Dems nominate union leader “Iron Stache’ Randy Bryce, despite a DUI arrest and child support, to replace delinquency, Paul Ryan

Paul Ryan, left, may be succeeded by Democrat Randy Bryce, who has won on Tuesday, the primary in the race in his house seat.

(AP, file)

Randy Bryce, a union of iron workers, known as “Iron Stache,” won the Democratic primary in the race to replace retiring speaker of the house of representatives Paul Ryan to decide to overcome a long criminal history, including a drunk-driving arrest and several years of child support.

Bryce stood in the race months before Ryan’s April alone and raised over $6 million — six times as much as the primary Challenger Cathy Myers, a teacher, brought.

He also won the support of Vermont sen. Bernie Sanders and labor activist Dolores Huerta.

Democrats are optimistic about their chances of of the southeastern Wisconsin district to pick up, Ryan has in the past 20 years. But opponents argue that Bryce’s rap sheet makes him unreliable and unelectable.

Bryce is arrested by the police at least nine times, according to police records, including in 1998 for the operation of a vehicle under the influence of drugs. He pleaded guilty, but initially failed to appear in court; he ultimately received a suspended sentence.

In 1991, he was booked, marijuana possession, trespassing and theft, among other charges. In 2000, he was arrested for driving with a suspended license; he was arrested for a similar charge in 2003.

In addition, the Milwaukee Journal Sentinel reported, in the last year, he was delinquent on his child support payments to his ex-wife for almost two years. Bryce paid off $1,257 in child support debt, only two months before he launched his campaign for Congress, according to the paper.

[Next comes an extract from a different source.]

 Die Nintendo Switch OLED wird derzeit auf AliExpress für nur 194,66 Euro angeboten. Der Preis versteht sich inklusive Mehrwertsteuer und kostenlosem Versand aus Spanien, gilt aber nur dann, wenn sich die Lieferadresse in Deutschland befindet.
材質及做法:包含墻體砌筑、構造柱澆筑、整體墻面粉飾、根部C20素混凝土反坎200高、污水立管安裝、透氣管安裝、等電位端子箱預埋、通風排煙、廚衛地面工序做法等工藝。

On the Republican side, Bryan Steil, a former driver for Ryan from a prominent family in his hometown of Janesville, won the GOP primary to replace in the race to him Tuesday in the state 1. Constituency.

Bryan Steil, a former driver for Paul Ryan, won the GOP nomination to be his successor in Congress on Tuesday.

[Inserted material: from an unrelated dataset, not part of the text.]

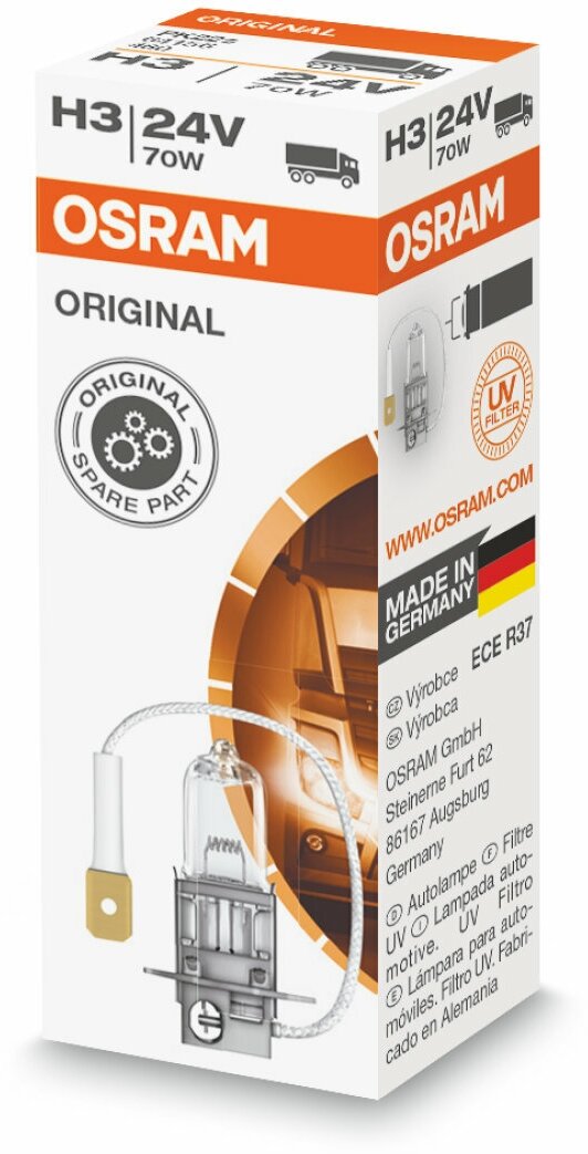 Лампа H3 24V 70W PK22s ORIGINAL LINE качество оригинальной з/ч (ОЕМ) 1 шт. HCV Osram 64156

Ryan’s retirement creates an opening in his southeastern Wisconsin constituency for the first time in 20 years, fuelling hopes among Democrats that they can pick up the seat, leans Republican.

But Steep is to keep on the search, the district borders Illinois, under GOP control, even if it is a democratic “blue wave”. Armed with Ryan’s approval, Steep was the front-runner in a five-way Republican primary.

Ryan announced that he would be in April, in retirement, held the position of speaker, since the retirement of former House Speaker John Boehner in the year 2015. His retirement effective in January.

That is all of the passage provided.